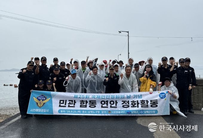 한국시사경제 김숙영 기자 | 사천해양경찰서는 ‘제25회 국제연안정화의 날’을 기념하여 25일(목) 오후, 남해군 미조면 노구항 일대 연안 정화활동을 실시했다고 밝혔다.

...

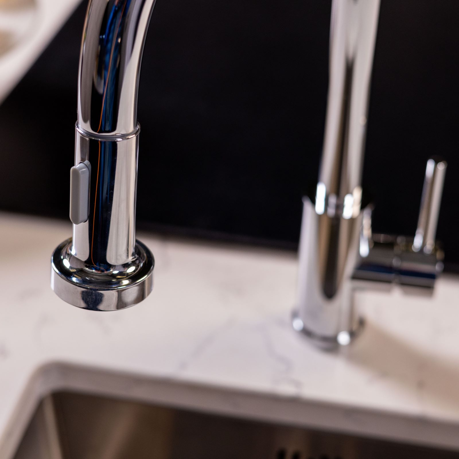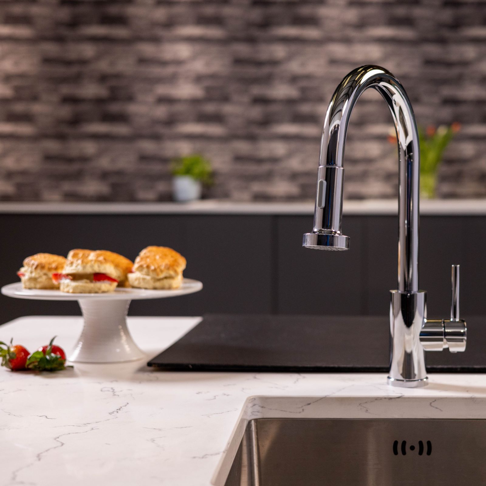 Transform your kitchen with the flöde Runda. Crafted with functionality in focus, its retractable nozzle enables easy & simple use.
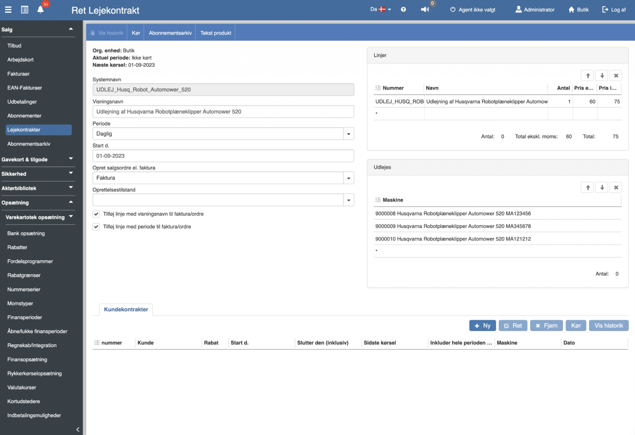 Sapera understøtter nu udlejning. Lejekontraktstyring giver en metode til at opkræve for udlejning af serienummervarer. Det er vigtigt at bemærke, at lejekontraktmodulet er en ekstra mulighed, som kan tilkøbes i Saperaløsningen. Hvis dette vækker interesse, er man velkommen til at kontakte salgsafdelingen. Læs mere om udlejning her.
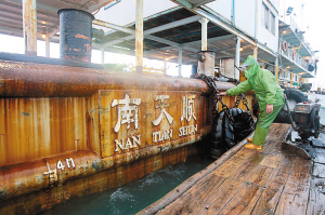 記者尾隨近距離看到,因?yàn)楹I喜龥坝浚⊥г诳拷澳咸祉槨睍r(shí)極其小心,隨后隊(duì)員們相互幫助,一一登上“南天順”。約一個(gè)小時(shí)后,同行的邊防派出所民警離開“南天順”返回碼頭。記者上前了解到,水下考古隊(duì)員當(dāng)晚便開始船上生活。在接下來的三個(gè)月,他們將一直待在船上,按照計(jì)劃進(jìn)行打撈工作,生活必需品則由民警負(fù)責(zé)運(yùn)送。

==

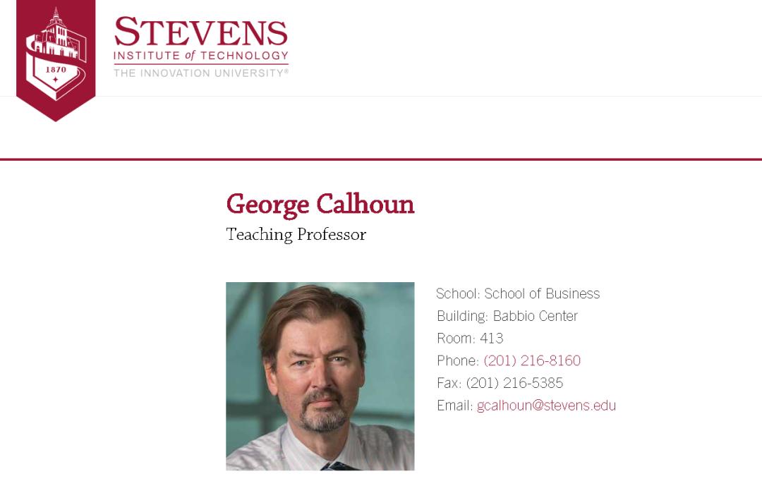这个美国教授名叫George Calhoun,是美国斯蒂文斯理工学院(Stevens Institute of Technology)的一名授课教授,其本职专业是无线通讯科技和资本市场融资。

- Exercise brief -
Leaving out each picture, repeat exactly the lines above from the one that contains "Transform your kitchen" through the one that contains "記者尾隨近距離看到,因?yà".

- Task answer -
 Transform your kitchen with the flöde Runda. Crafted with functionality in focus, its retractable nozzle enables easy & simple use.
 Sapera understøtter nu udlejning. Lejekontraktstyring giver en metode til at opkræve for udlejning af serienummervarer. Det er vigtigt at bemærke, at lejekontraktmodulet er en ekstra mulighed, som kan tilkøbes i Saperaløsningen. Hvis dette vækker interesse, er man velkommen til at kontakte salgsafdelingen. Læs mere om udlejning her.
 記者尾隨近距離看到,因?yàn)楹I喜龥坝浚⊥г诳拷澳咸祉槨睍r(shí)極其小心,隨后隊(duì)員們相互幫助,一一登上“南天順”。約一個(gè)小時(shí)后,同行的邊防派出所民警離開“南天順”返回碼頭。記者上前了解到,水下考古隊(duì)員當(dāng)晚便開始船上生活。在接下來的三個(gè)月,他們將一直待在船上,按照計(jì)劃進(jìn)行打撈工作,生活必需品則由民警負(fù)責(zé)運(yùn)送。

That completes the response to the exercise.